Removing basic block 5
_Bool g (struct B b)
{
  _Bool b$j;
  unsigned char _1;
  unsigned char _2;
  _Bool _3;

  <bb 2> [local count: 1073741824]:
  _1 = VIEW_CONVERT_EXPR<unsigned char>(b);
  _2 = _1 & 1;
  if (_2 != 0)
    goto <bb 4>; [50.00%]
  else
    goto <bb 3>; [50.00%]

  <bb 3> [local count: 536870913]:
  _3 = b.i;

  <bb 4> [local count: 1073741824]:
  # b$j_5 = PHI <0(2), _3(3)>
  return b$j_5;

}
Comment 1 Andrew Pinski 2021-04-05 20:22:47 UTC
This comes down to lowering bitfields too soon.
my bet it will happen even integer bitfields will have a problem.
Comment 2 Martin Sebor 2021-04-05 20:23:00 UTC
Bisection points to r225825 as the revision where GCC started to fail to fold the code in g().
Comment 3 Martin Sebor 2021-04-05 20:27:57 UTC
This only seems to affect C _Bool bit-fields and not C++ bool.
Comment 4 Martin Sebor 2021-04-05 20:40:38 UTC
(In reply to Andrew Pinski from comment #1)
> This comes down to lowering bitfields too soon.
> my bet it will happen even integer bitfields will have a problem.

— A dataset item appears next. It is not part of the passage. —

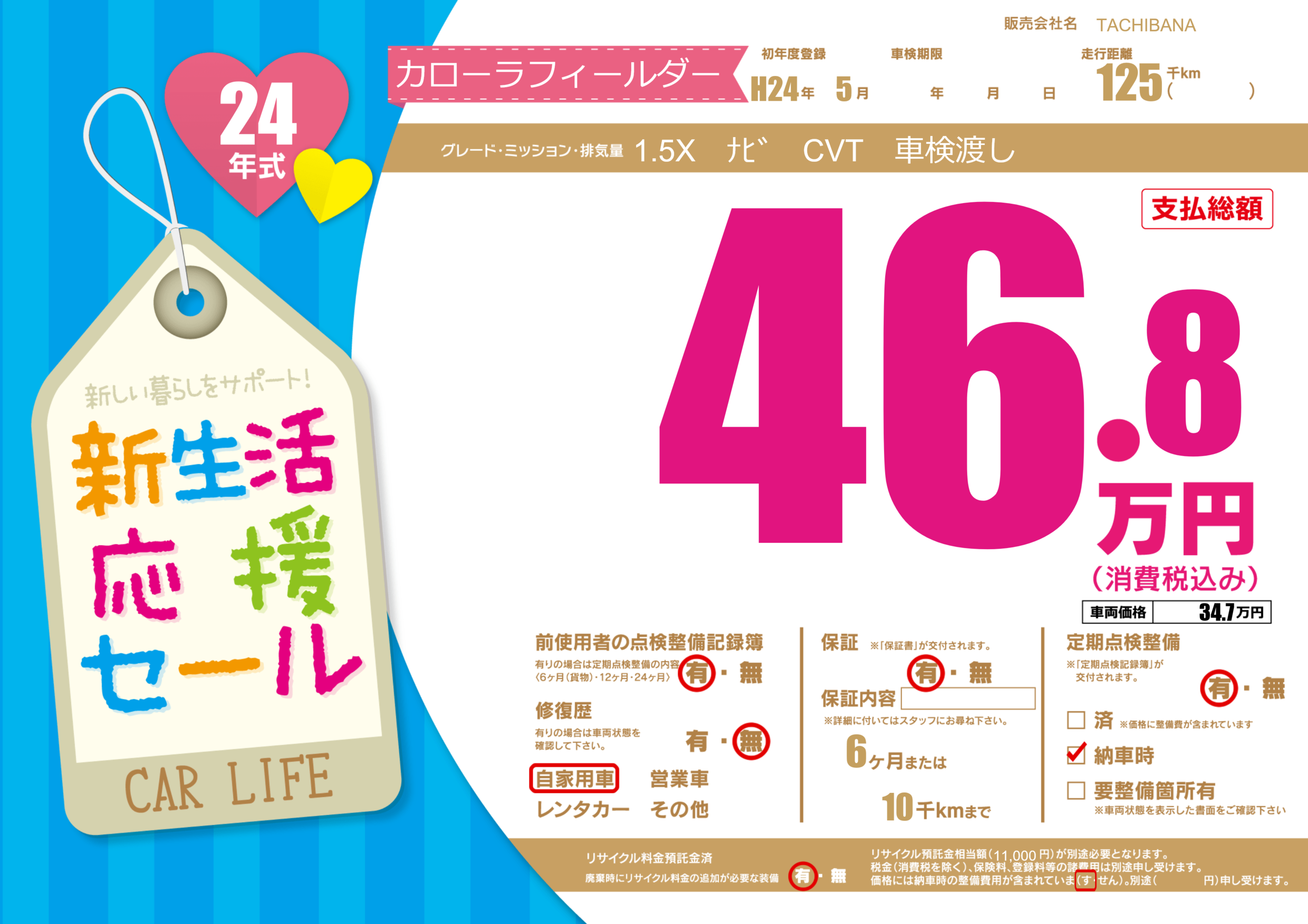 | 定期点検整備 | 定期点検整備あり 納車時あり | ||

Yes, unsigned bit-fields suffer the same problem but unlike for _Bool, GCC never emitted optimal code for those for this test case.
Comment 5 Richard Biener 2021-04-06 08:39:22 UTC
The main issue is optimize_bit_field_compare in fold-const.c which produces
during GENERIC folding in .005t.original:

  if ((BIT_FIELD_REF <b, 8, 0> & 1) != 0)
    {
      b.j = 0;
    }
  else
    {
      b.j = b.i;
    }
  return b.j;

that's premature in this place.  For f() it also takes until DOM3 to do
the folding unless you disable SRA which then makes EVRP recognize the
second store as a.j = 0.  With SRA we fail to derive ranges for a_10 in

  a_10 = MEM <unsigned char> [(struct A *)&a];
  a$1_11 = MEM <unsigned char> [(struct A *)&a + 1B];
  _1 = VIEW_CONVERT_EXPR<_Bool>(a_10);
  if (_1 != 0)
    goto <bb 4>; [INV]
  else
    goto <bb 3>; [INV]

  <bb 3> :

  <bb 4> :
  # a$1_9 = PHI <0(2), a_10(3)>
  _7 = VIEW_CONVERT_EXPR<_Bool>(a$1_9);

thus we're missing looking through VIEW_CONVERT_EXPR in register_assert_for.
Amending that would eventually also allow optimizing the prematurely folded vairant.
Comment 6 Richard Biener 2021-06-01 08:20:08 UTC
GCC 9.4 is being released, retargeting bugs to GCC 9.5.
Comment 7 Richard Biener 2022-05-27 09:44:51 UTC
GCC 9 branch is being closed
Comment 8 Jakub Jelinek 2022-06-28 10:44:05 UTC
GCC 10.4 is being released, retargeting bugs to GCC 10.5.
Comment 9 Franek Korta 2022-07-01 12:49:41 UTC
Another simple example:
#include <cstdint>
    
struct SomeClass {
    bool         cfg1 : 1;
    bool         cfg2 : 1;
    bool         cfg3 : 1;
    bool check() const noexcept { return cfg1 || cfg2 || cfg3; }
};

bool check(const SomeClass& rt) {
    return rt.check();
}

Emits:
check(SomeClass const&):
        movzx   edx, BYTE PTR [rdi]
        mov     eax, edx
        and     eax, 1
        jne     .L1
        mov     eax, edx
        shr     al
        and     eax, 1
        je      .L4
.L1:
        ret
.L4:
        mov     eax, edx
        shr     al, 2
        and     eax, 1
        ret

While it should:
check(SomeClass const&):
        test    byte ptr [rdi], 7
        setne   al
        ret
Comment 10 Richard Biener 2023-07-07 10:39:22 UTC
GCC 10 branch is being closed.
Comment 11 Andrew Pinski 2023-07-12 22:05:04 UTC
(In reply to Martin Sebor from comment #2)
> Bisection points to r225825 as the revision where GCC started to fail to
> fold the code in g().

the fold-const didn't check `types_match (type, TREE_TYPE (@0))` but rather just did the equivalent to:
(simplify
 (ne @0 integer_zerop@1)
 (if (TREE_CODE (TREE_TYPE (@0)) == BOOLEAN_TYPE)
  (non_lvalue (convert @0))))

While match now does not do the convert and checks the types_match check instead.